My colleague has blogged about it some time ago.

The issue is that this is not persistent and has to be set for every RMAN-session again. I.e. an archivelog deletion policy „BACKED UP 1 TIMES TO DISK“ is not considered for backups from the other site after using above command.

So only catalogued backups are visible. I.e. we need an rman-job, which catalogs backups done on the other site regularly.

RMAN-Connection with password required

Doing backups on the Standby site requires an RMAN-connection to the DB with a password. I.e.

RMAN> connect target sys/mysupersecretpwd

instead of

RMAN> connect target /

because a consistent backup needs the redo, which was produced during the backup. I.e. at the end of the e.g.
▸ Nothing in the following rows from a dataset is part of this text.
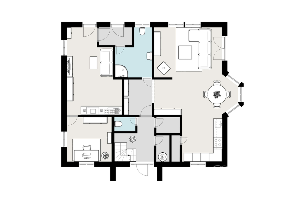Dispozice: 1. NP - vstupní hala se schodištěm, prostorný obývací pokoj s kuchyňským koutem, spíží, krbovými kamny a vstupem na terasu (41 m2), samostatné WC, technická místnost (elektrokotel, akumulační nádrž na teplou vodu), šatna, a dále zádveří druhého vstupu, pokoj s kuchyňským koutem (15 m2), pokoj (10,2 m2), koupelna se sprchovým koutem a WC.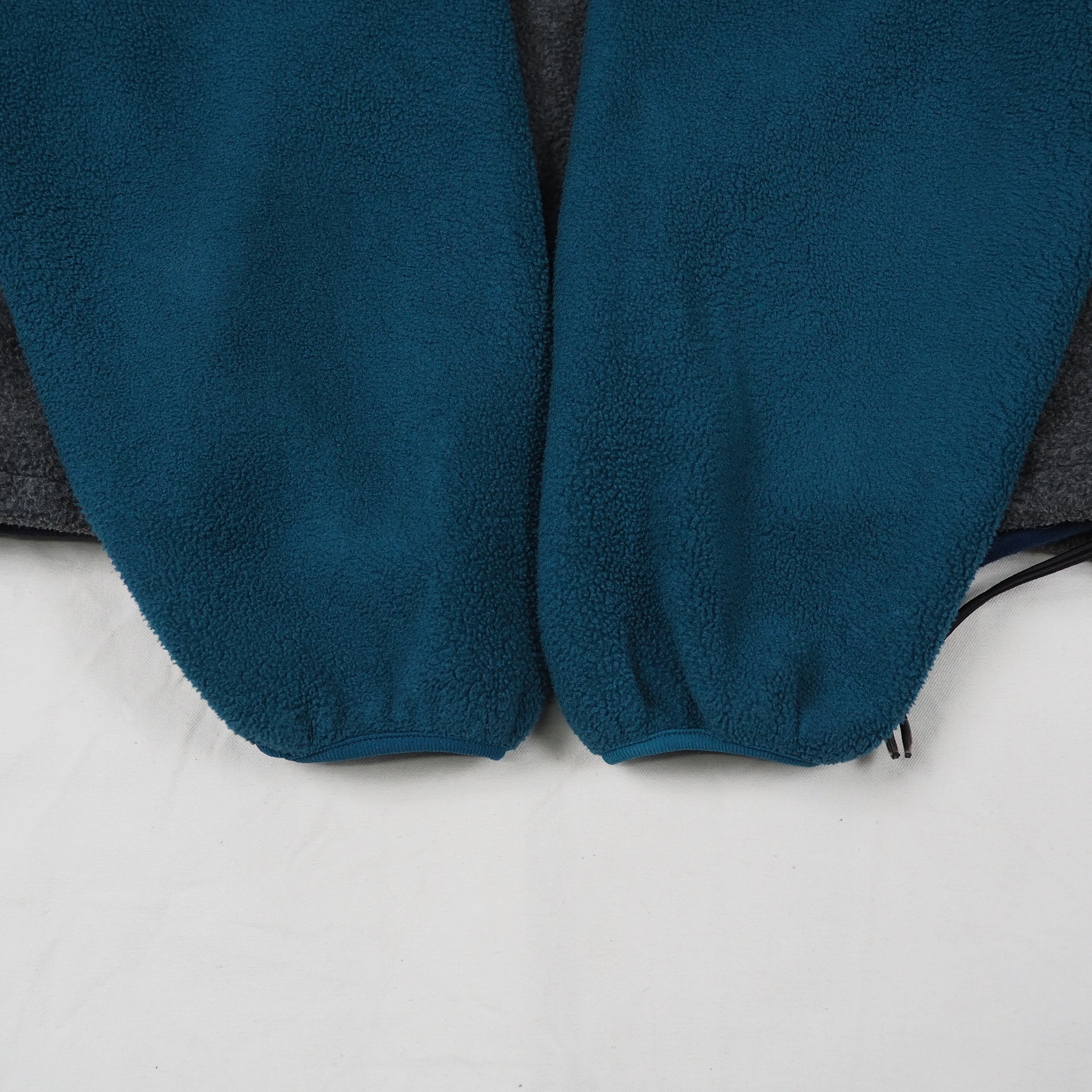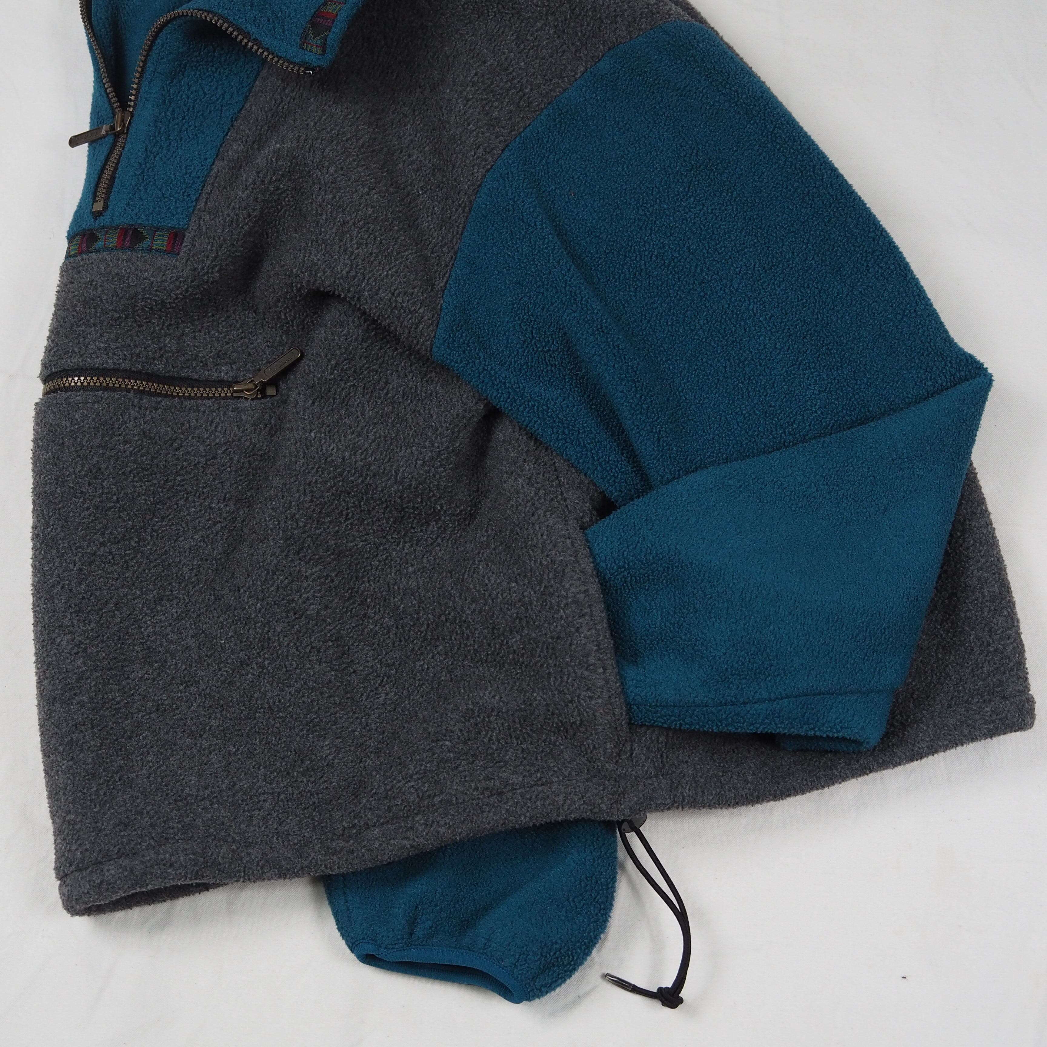 シンチラフリースのような厚手のフリース素材、裾にドローコードのついたプルオーバデザインのフリースジャケット。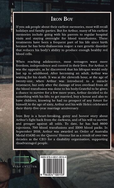 If you ask people about their earliest memories, most will recall holidays and family parties. But for Arthur, many of his earliest memories include going with his parents to regular hospital visits and staying overnight for blood transfusions. These treatments have been a frequent part of his life since birth because he has beta-thalassemia major: a rare genetic disorder that reduces his body's ability to produce enough healthy red blood cells. When reaching adolescence, most teenagers want more freedom, independence and control in their lives. For Arthur, it was the opposite, as he discovered that his lifespan would only last up to adulthood. After becoming an adult, Arthur was waiting for his death. It was at the eleventh hour, at the age of twenty-one, when Arthur was introduced to a miracle treatment, but only after the damage of iron overload from all the blood transfusion was done to his body. Grateful to be given a chance to survive for a few more years, Arthur decided to do something with his life; to get married, buy a house and also to have children, knowing he had no prospect of any future for himself. At the age of sixty, Arthur and his wife Helen celebrated their thirty-five-year marriage anniversary. Iron Boy is a heart-breaking, gutsy and honest story about Arthur's fight back from the darkness, and of his will to survive and prosper against all odds. To date, he has had 8600 injections, 700 blood transfusions and 2200 blood packs. In September 2016, Arthur was awarded an Order of Australia Medal (OAM) on the Queens' Honour list as a result of over two decades as the CEO for a disability organisation, supporting disadvantaged people.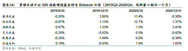 从整体来看,基金在2019年12月出现小幅回撤,在其余观测区间均获得超额收益;从具体分解来看,基金的选股效应均对超额收益贡献突出且稳定,在各期均提供了正向的超额收益;相对而言,配置效应和交叉效应对组合超额收益的贡献偏低。总体来看,景顺长城中证500指数增强基金的选股能力较为突出。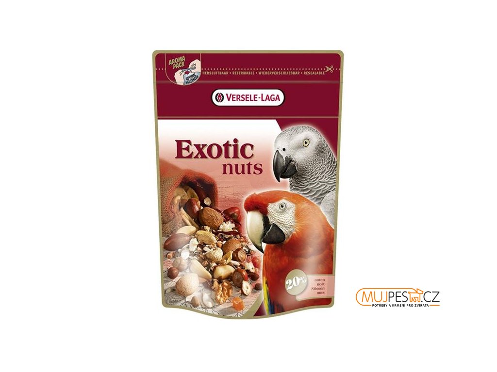 VL Prestige Exotic Nut Mix 750 g je doplňkové kmivo pro papoušky plné ořechů (mandle, vlašské a pekanové ořechy), zrnin a semen a ovoce.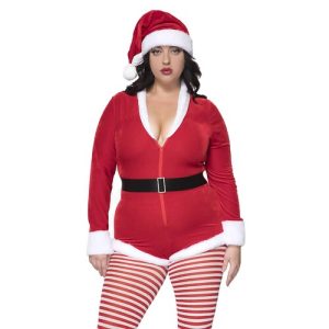 Velvet zip up Santa romper snatches your figure, giving you the ultimate sexy silhouette. Matching hat and faux fur trimming!
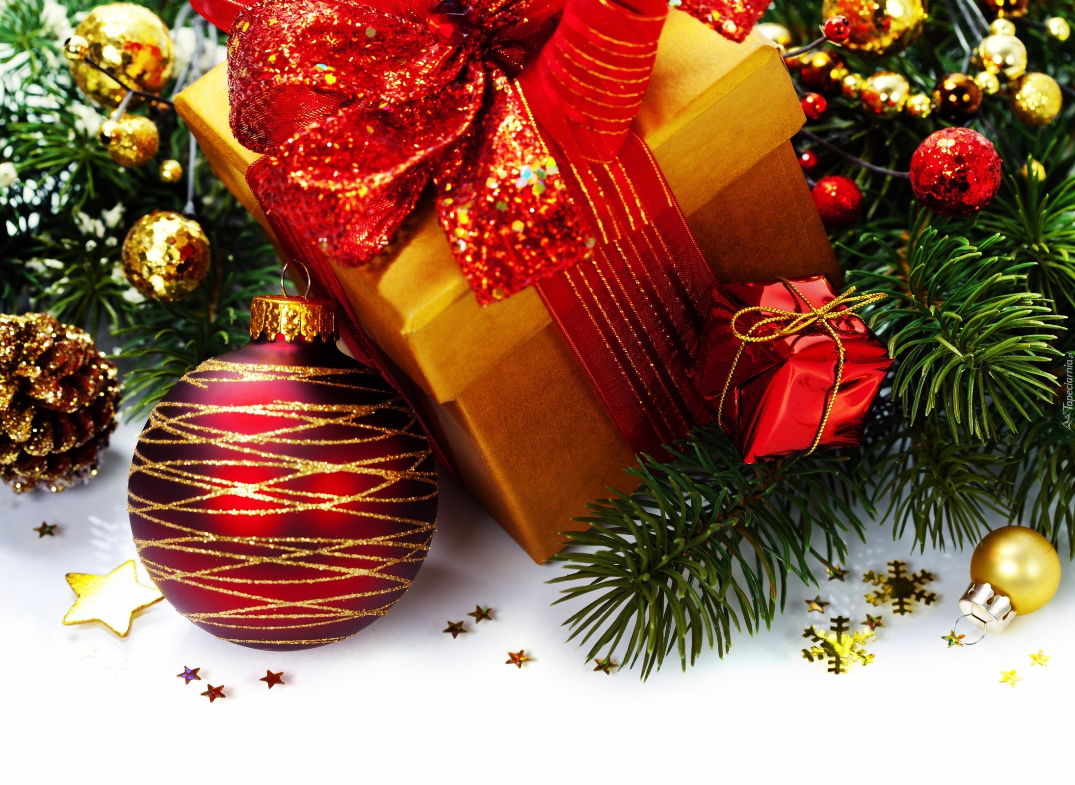 Edytor tapety: Prezent, Bombki, Boże Narodzenie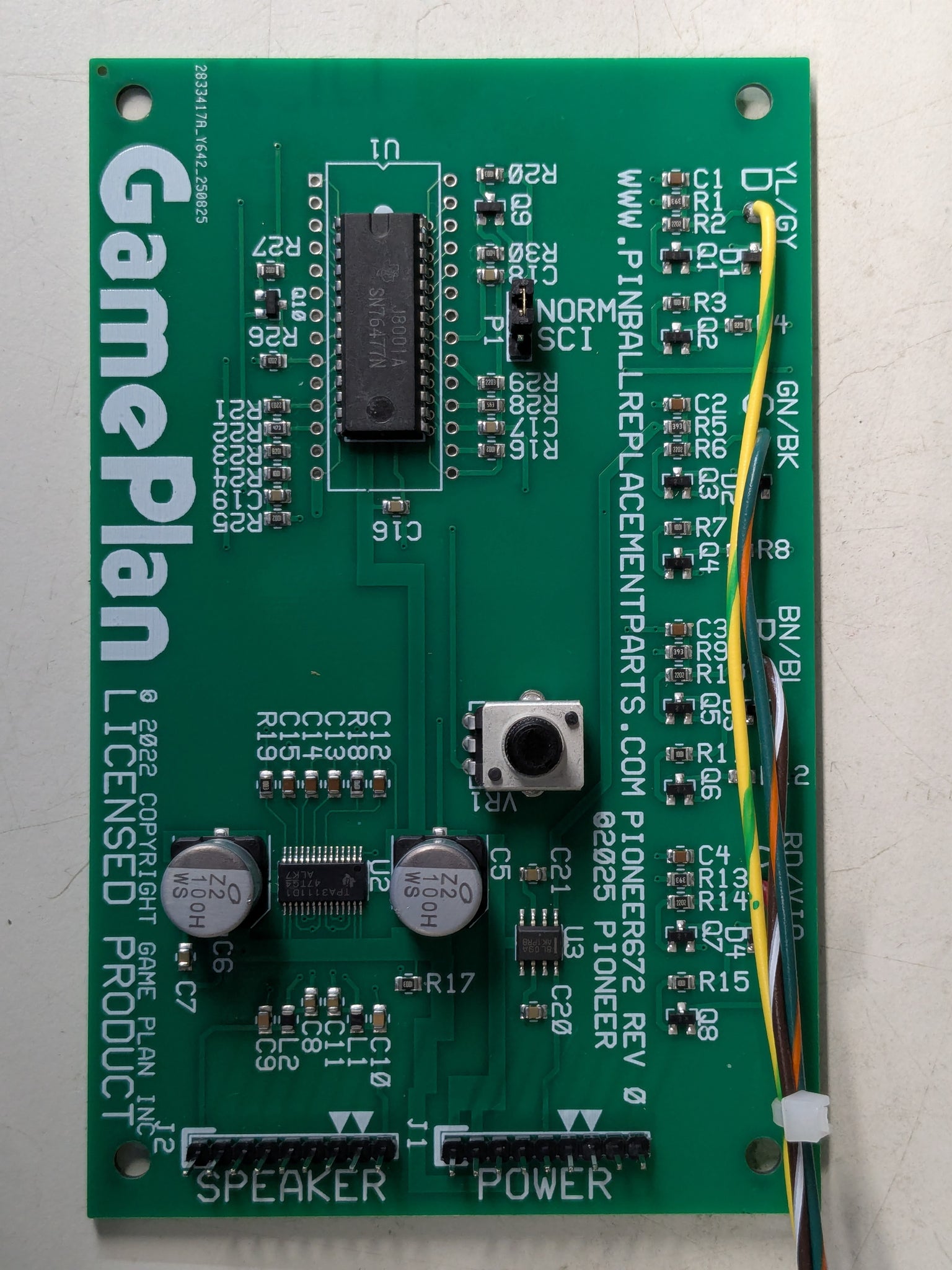 This board was used on many of the early Game Plan cocktails, and replaced the 4 chime unit. It is based on the same circuit, but has a modern audio amplifier on it.

INC0-backup the current online redo has to be archived. That operation has to be done on the Primary site. To do that, rman needs the credentials to login to the Primary site to archive the redo on Primary to be able to back it up at the standby site.

See MOS Note „RMAN-06820 ORA-17629 During Backup at Standby Site (Doc ID 1616074.1)“

Retention policy on Standby site

A command „CONFIGURE RETENTION POLICY TO RECOVERY WINDOW OF x DAYS;“ fails on the Standby-Site with RMAN-05021. E.g.

RMAN> CONFIGURE RETENTION POLICY TO RECOVERY WINDOW OF 2 DAYS;

resync only records later than timestamp 1128819277
RMAN-00571: ===========================================================
RMAN-00569: =============== ERROR MESSAGE STACK FOLLOWS ===============
RMAN-00571: ===========================================================
RMAN-03002: failure of configure command at 02/15/2023 13:47:08
RMAN-05021: this configuration cannot be changed for a BACKUP or STANDBY control file

The workaround is to NOT use the command on standby and instead either

  • set it on Primary and recreate the standby controlfile
  • or use the retention policy in the delete obsolete statements. E.g.
delete noprompt obsolete recovery window of <RET_POLICY> days device type disk;

See MOS Note „RMAN-5021 this configuration cannot be changed for a BACKUP or STANDBY (Doc ID 1519386.1)“

Snapshot controlfile with unique name per site

If your snapshot controlfile is on the shared backup location you should make sure to provide a unique name for the standby controlfile on primary and standby. E.g. on Primary:

CONFIGURE SNAPSHOT CONTROLFILE NAME TO '/my_nfs_backup/snapcf_P_MYDB.f';

And on Standby:

CONFIGURE SNAPSHOT CONTROLFILE NAME TO '/my_nfs_backup/snapcf_S_MYDB.f';

Make sure the standby is in synch with the Primary before starting the backup

You may want to check that the standby DB is in synch with the primary before starting a backup.

With the broker active the following SQL can be used on the standby DB to check if there is a lag:

SELECT
CASE 
   WHEN decode(value,'+00 00:00:00','no lag',NULL,'unknown','lag')='no lag' AND (sysdate-to_date(time_computed,'mm/dd/yyyy hh24:mi:ss'))*60*60*24 < 31
   THEN 'no_lag'
   WHEN decode(value,'+00 00:00:00','no lag',NULL,'unknown','lag')='lag'
   THEN 'lag'
   ELSE 'unknown'
END LAG
from dual, v$dataguard_stats where decode(dummy,'X','apply lag')=name(+) ;

Please consider that I do not allow any lag (should be in synch), but I do allow the lag computation to be from up to 30 seconds ago. E.g. when looking at DGMGRL’s command „show configuration lag“ then I would show no lag in the following case:

Apply Lag:          0 seconds (computed 20 seconds ago)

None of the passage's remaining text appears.